1. A method of diagnosing combinations of failures in a system, the method including: receiving symptom data including information relating to observed or detected symptoms in a system; generating failure data including information relating to at least two most probable failures in the system based on the symptom data; processing the failure data and the symptom data using an L-rank inference class algorithm in order to generate failure set data, the failure set data including information relating to combinations of the at least two most probable failures that explain the symptoms; and selecting an algorithm for use in generating the failure data, wherein a comparison based on a number of present symptoms in the symptom data and a user-configurable value is used to select the algorithm for use in generating the failure data, and if the number of present symptoms is greater than a user-configurable value then an approximate marginal inference algorithm is selected; otherwise, an exact marginal inference algorithm is selected.

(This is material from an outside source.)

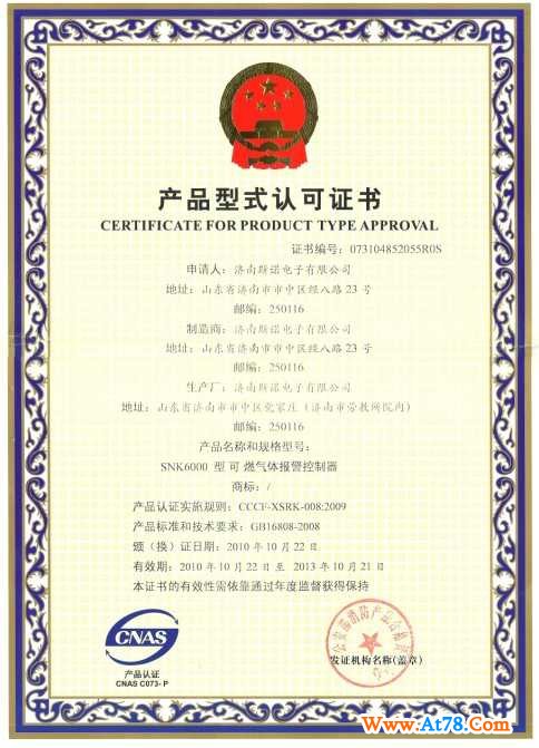 产品型式认可证书

2. The method according to claim 1, wherein processing the failure and symptom data using the L-rank inference class algorithm includes using a Ranked Algorithm (RA) algorithm to produce a probability value associated with each said combination of the at least two most probable failures in the failure set data.

3. The method according to claim 2, further including ordering the combinations of the at least two most probable failures in the failure set data in accordance with the associated probability values.

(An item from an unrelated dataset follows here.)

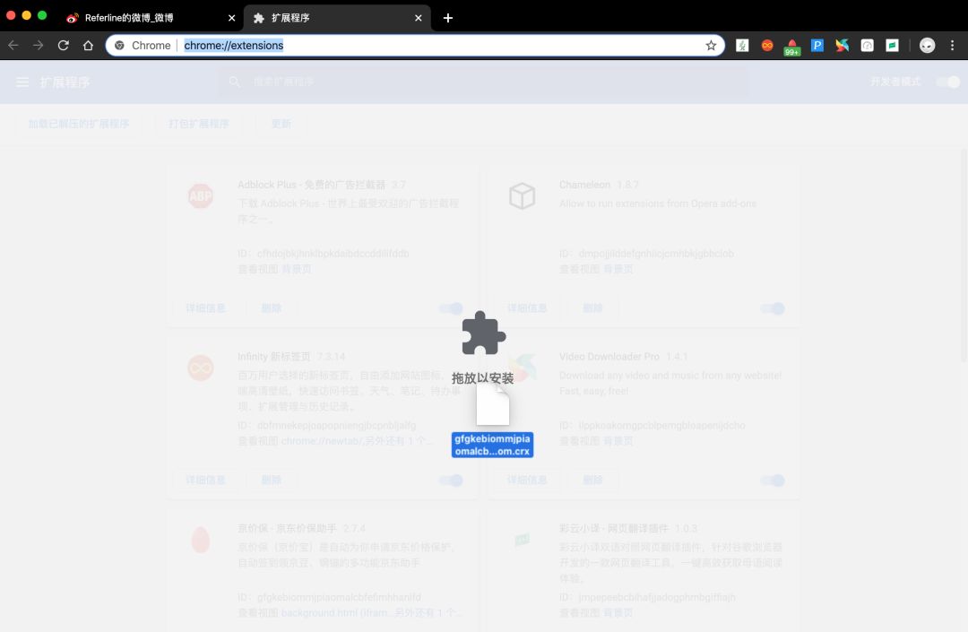 安装插件时在浏览器中点击「更多工具」-「扩展程序」或在浏览器地址栏中输入chrome://extensions/都可以直接到达安装页面,将下载好的 .cxr 文件拖到浏览器中即可完成安装。

4. The method according to claim 3, further including displaying information relating to at least one of the combinations of the at least two most probable failures and the associated probability values.

5. The method according to claim 1, wherein generating the failure data includes processing the symptom data using the approximate marginal inference algorithm, and wherein the marginal inference algorithm generates a ranked list of probable failures.

6. The method according to claim 1, wherein the at least two most probable failures not including a user-configured number of the at least two most probable failures are provided as absent failures data to be processed using the L-rank inference class algorithm.

7. The method according to claim 6, wherein each said combination of the at least two most probable failures in a said failure set has an associated confidence/probability value and the confidence/probability value is used to determine whether or not the processing using the L-rank inference class algorithm is to be used to generate at least one further failure set.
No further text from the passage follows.